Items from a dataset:
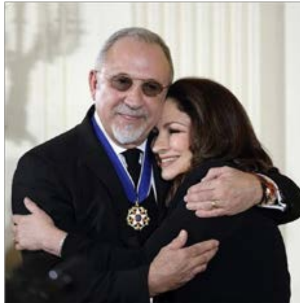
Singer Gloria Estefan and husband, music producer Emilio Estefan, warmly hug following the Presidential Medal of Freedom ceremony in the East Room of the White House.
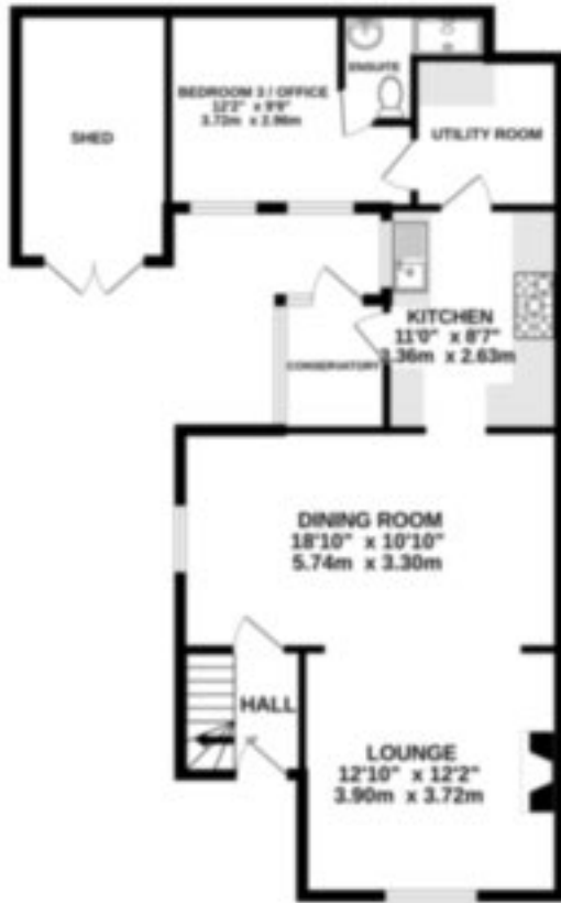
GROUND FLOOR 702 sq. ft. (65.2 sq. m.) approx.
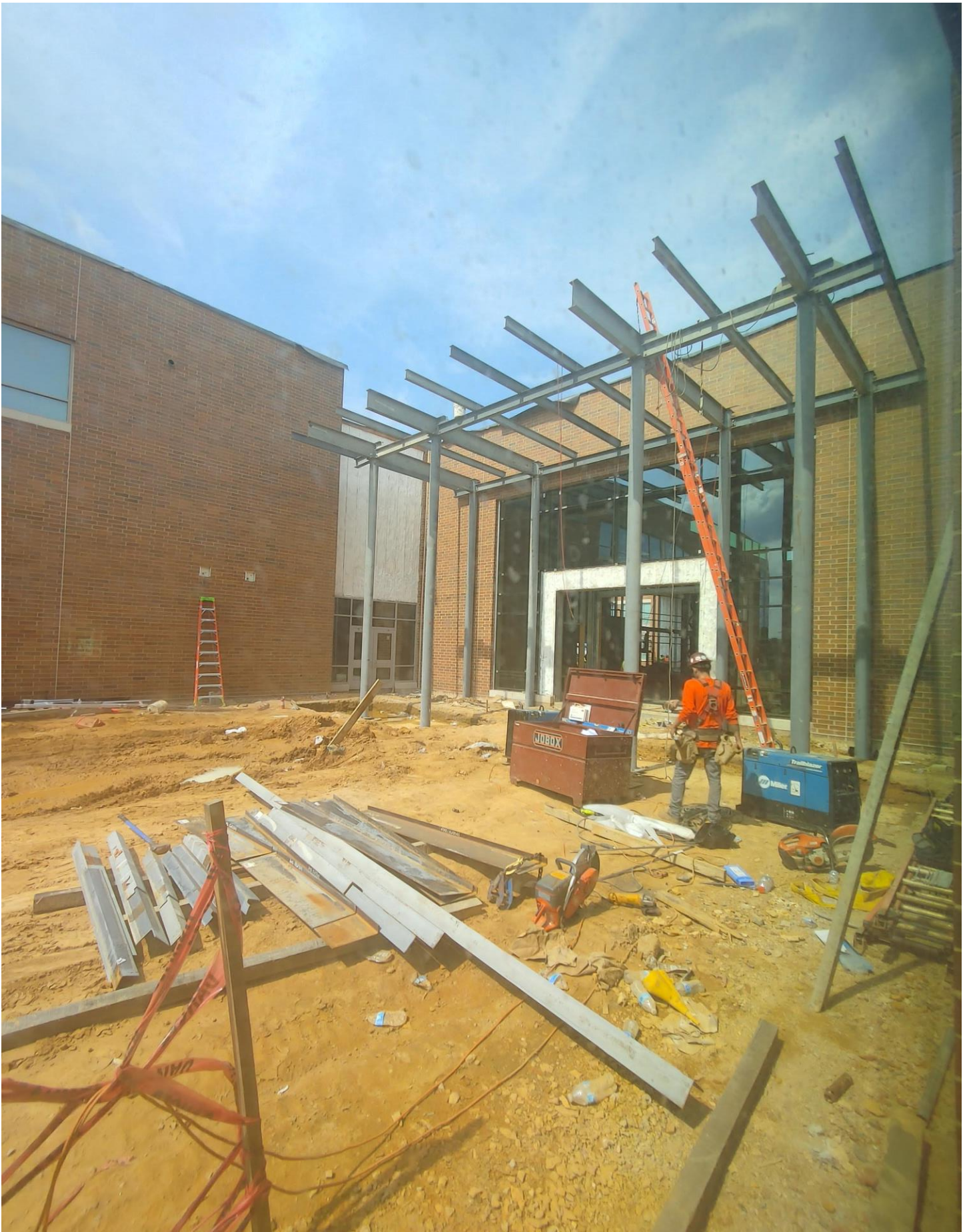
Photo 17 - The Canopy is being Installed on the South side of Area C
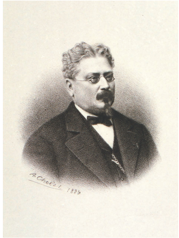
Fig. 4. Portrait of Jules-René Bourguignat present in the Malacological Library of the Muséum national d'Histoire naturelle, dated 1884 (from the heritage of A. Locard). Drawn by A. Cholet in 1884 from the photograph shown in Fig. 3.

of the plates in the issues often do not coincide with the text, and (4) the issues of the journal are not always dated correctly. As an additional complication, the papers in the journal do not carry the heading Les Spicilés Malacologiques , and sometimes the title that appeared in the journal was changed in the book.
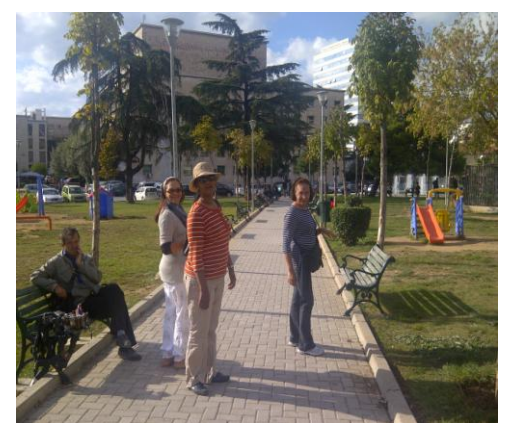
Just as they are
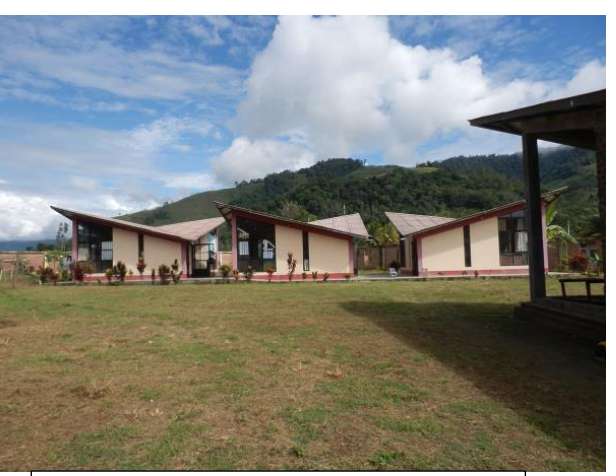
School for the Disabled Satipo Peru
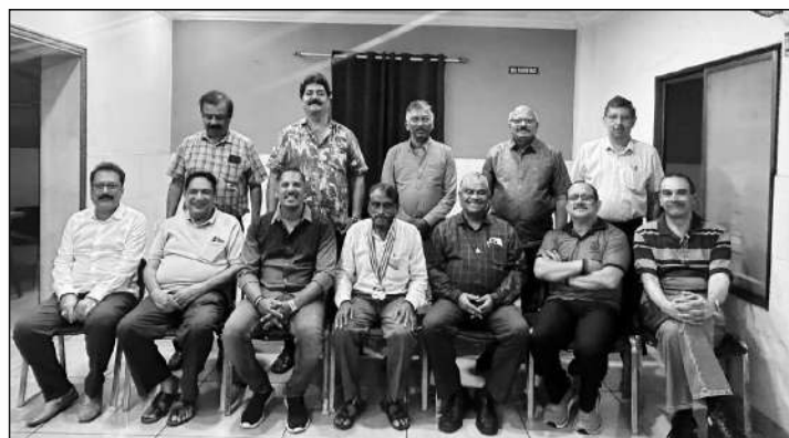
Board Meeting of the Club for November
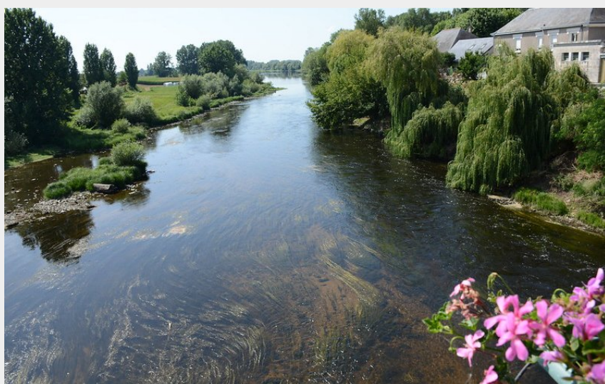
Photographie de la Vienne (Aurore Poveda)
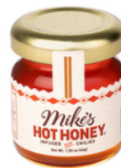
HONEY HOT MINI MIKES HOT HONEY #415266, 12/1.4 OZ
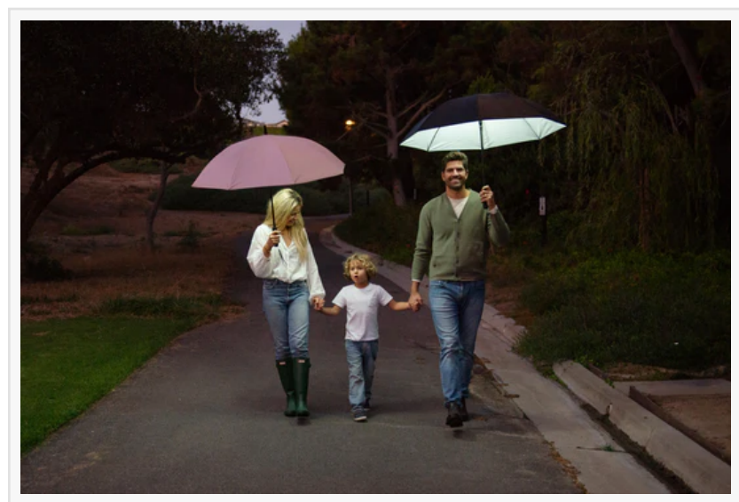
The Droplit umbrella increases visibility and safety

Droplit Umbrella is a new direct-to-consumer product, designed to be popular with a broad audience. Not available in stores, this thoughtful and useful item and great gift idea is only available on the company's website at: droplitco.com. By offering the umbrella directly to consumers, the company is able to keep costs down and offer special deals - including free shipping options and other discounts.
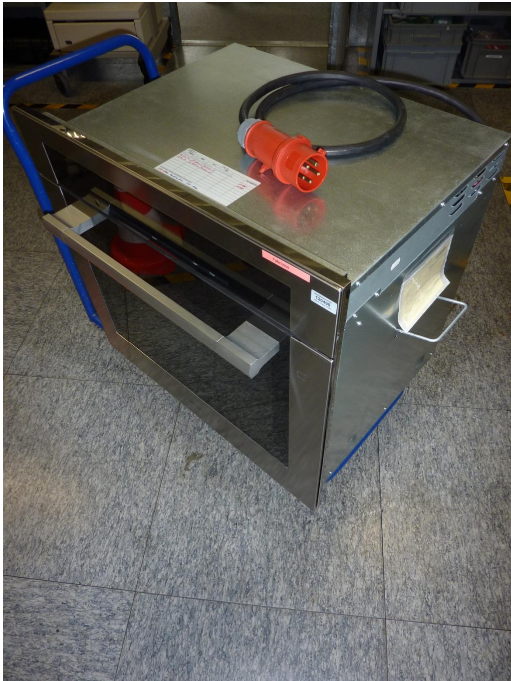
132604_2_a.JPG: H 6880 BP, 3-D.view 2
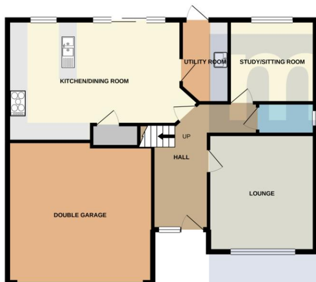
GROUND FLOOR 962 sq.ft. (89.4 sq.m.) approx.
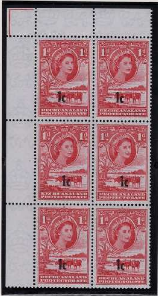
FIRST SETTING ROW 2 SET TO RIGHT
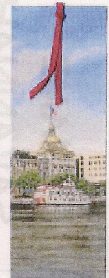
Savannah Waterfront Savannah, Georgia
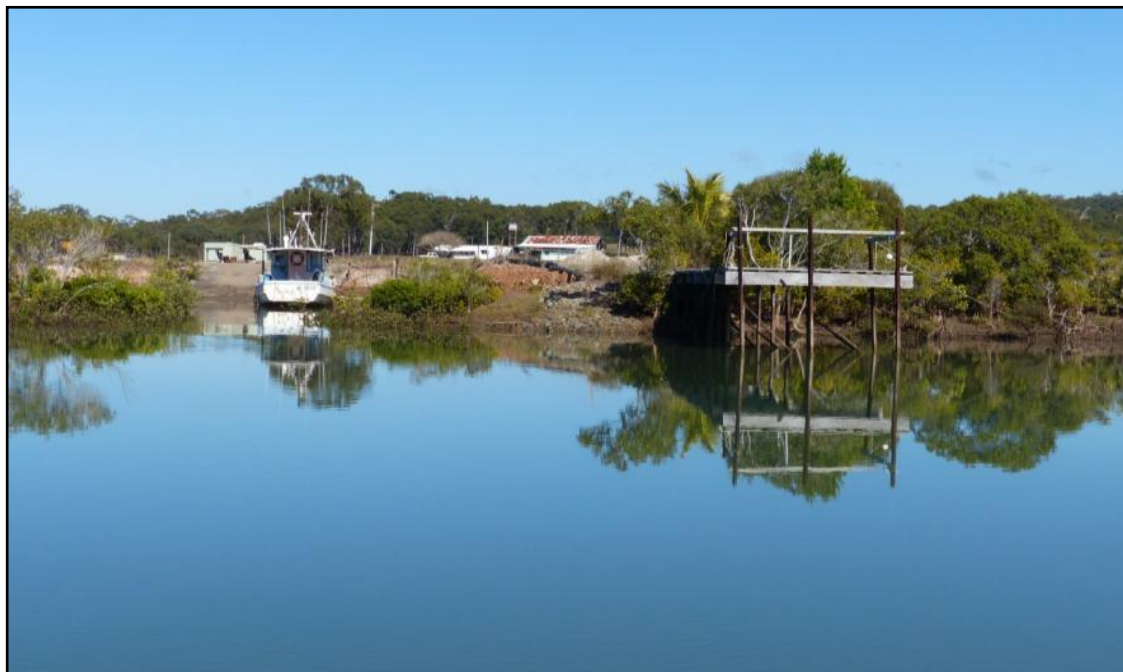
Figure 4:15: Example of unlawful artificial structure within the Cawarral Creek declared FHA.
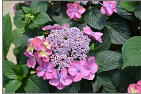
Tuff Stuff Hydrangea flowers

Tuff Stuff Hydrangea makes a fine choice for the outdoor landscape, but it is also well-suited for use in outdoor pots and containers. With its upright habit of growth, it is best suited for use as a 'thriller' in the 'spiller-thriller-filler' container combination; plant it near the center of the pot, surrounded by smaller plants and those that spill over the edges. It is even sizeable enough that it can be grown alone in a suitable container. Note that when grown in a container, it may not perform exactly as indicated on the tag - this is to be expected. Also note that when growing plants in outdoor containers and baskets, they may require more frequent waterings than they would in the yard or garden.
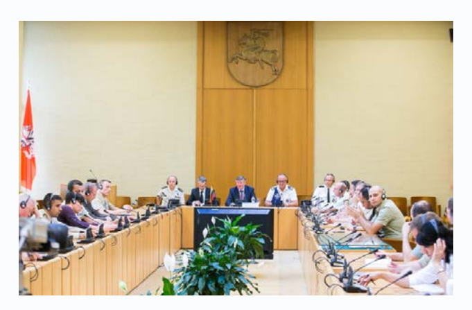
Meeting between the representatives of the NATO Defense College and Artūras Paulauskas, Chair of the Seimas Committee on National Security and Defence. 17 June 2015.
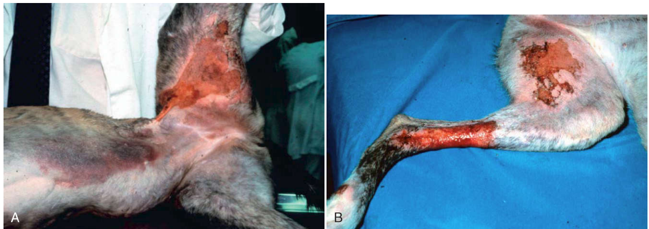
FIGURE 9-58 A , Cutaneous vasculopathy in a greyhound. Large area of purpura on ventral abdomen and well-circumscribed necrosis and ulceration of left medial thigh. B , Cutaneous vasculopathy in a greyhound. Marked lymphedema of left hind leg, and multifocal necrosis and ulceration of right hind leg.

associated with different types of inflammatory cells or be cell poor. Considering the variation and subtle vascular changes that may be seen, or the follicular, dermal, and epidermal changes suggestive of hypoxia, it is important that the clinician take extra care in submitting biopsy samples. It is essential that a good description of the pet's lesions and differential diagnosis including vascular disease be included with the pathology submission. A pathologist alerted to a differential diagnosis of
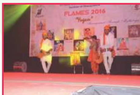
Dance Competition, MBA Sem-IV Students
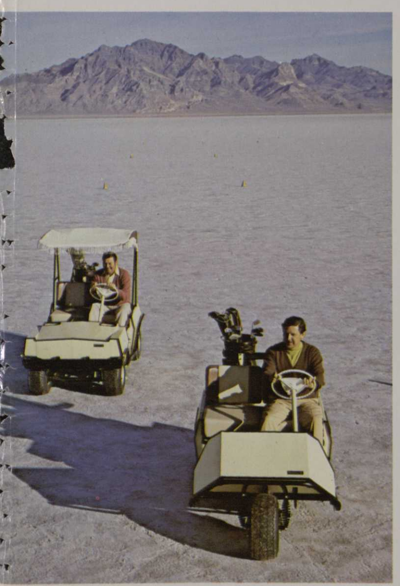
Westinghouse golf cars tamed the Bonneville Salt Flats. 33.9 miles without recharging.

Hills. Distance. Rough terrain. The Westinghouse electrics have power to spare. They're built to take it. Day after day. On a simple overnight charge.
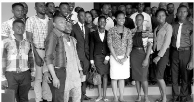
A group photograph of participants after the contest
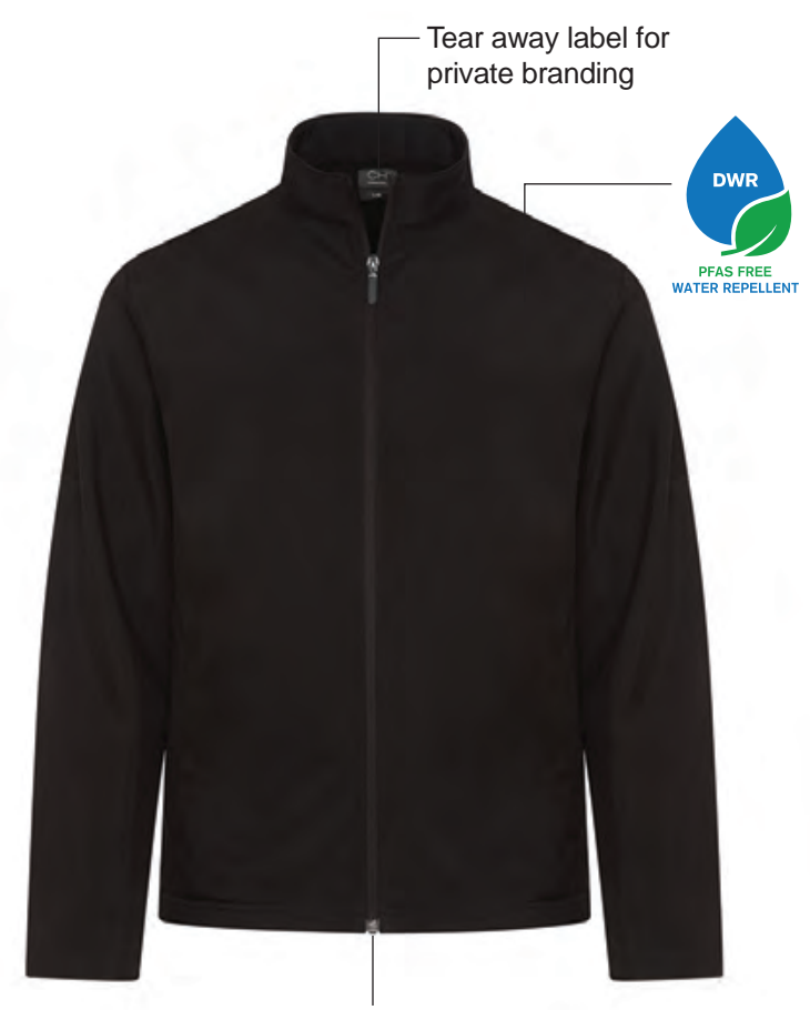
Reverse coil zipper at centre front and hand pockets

Exercise:
Write out the data above in full and exactly, but without the pictures.

Solution:
Singer Gloria Estefan and husband, music producer Emilio Estefan, warmly hug following the Presidential Medal of Freedom ceremony in the East Room of the White House.
GROUND FLOOR 702 sq. ft. (65.2 sq. m.) approx.
Photo 17 - The Canopy is being Installed on the South side of Area C
Fig. 4. Portrait of Jules-René Bourguignat present in the Malacological Library of the Muséum national d'Histoire naturelle, dated 1884 (from the heritage of A. Locard). Drawn by A. Cholet in 1884 from the photograph shown in Fig. 3.

of the plates in the issues often do not coincide with the text, and (4) the issues of the journal are not always dated correctly. As an additional complication, the papers in the journal do not carry the heading Les Spicilés Malacologiques , and sometimes the title that appeared in the journal was changed in the book.
Just as they are
School for the Disabled Satipo Peru
Board Meeting of the Club for November
Photographie de la Vienne (Aurore Poveda)
HONEY HOT MINI MIKES HOT HONEY #415266, 12/1.4 OZ
The Droplit umbrella increases visibility and safety

Droplit Umbrella is a new direct-to-consumer product, designed to be popular with a broad audience. Not available in stores, this thoughtful and useful item and great gift idea is only available on the company's website at: droplitco.com. By offering the umbrella directly to consumers, the company is able to keep costs down and offer special deals - including free shipping options and other discounts.
132604_2_a.JPG: H 6880 BP, 3-D.view 2
GROUND FLOOR 962 sq.ft. (89.4 sq.m.) approx.
FIRST SETTING ROW 2 SET TO RIGHT
Savannah Waterfront Savannah, Georgia
Figure 4:15: Example of unlawful artificial structure within the Cawarral Creek declared FHA.
Tuff Stuff Hydrangea flowers

Tuff Stuff Hydrangea makes a fine choice for the outdoor landscape, but it is also well-suited for use in outdoor pots and containers. With its upright habit of growth, it is best suited for use as a 'thriller' in the 'spiller-thriller-filler' container combination; plant it near the center of the pot, surrounded by smaller plants and those that spill over the edges. It is even sizeable enough that it can be grown alone in a suitable container. Note that when grown in a container, it may not perform exactly as indicated on the tag - this is to be expected. Also note that when growing plants in outdoor containers and baskets, they may require more frequent waterings than they would in the yard or garden.
Meeting between the representatives of the NATO Defense College and Artūras Paulauskas, Chair of the Seimas Committee on National Security and Defence. 17 June 2015.
FIGURE 9-58 A , Cutaneous vasculopathy in a greyhound. Large area of purpura on ventral abdomen and well-circumscribed necrosis and ulceration of left medial thigh. B , Cutaneous vasculopathy in a greyhound. Marked lymphedema of left hind leg, and multifocal necrosis and ulceration of right hind leg.

associated with different types of inflammatory cells or be cell poor. Considering the variation and subtle vascular changes that may be seen, or the follicular, dermal, and epidermal changes suggestive of hypoxia, it is important that the clinician take extra care in submitting biopsy samples. It is essential that a good description of the pet's lesions and differential diagnosis including vascular disease be included with the pathology submission. A pathologist alerted to a differential diagnosis of
Dance Competition, MBA Sem-IV Students
Westinghouse golf cars tamed the Bonneville Salt Flats. 33.9 miles without recharging.

Hills. Distance. Rough terrain. The Westinghouse electrics have power to spare. They're built to take it. Day after day. On a simple overnight charge.
A group photograph of participants after the contest
Reverse coil zipper at centre front and hand pockets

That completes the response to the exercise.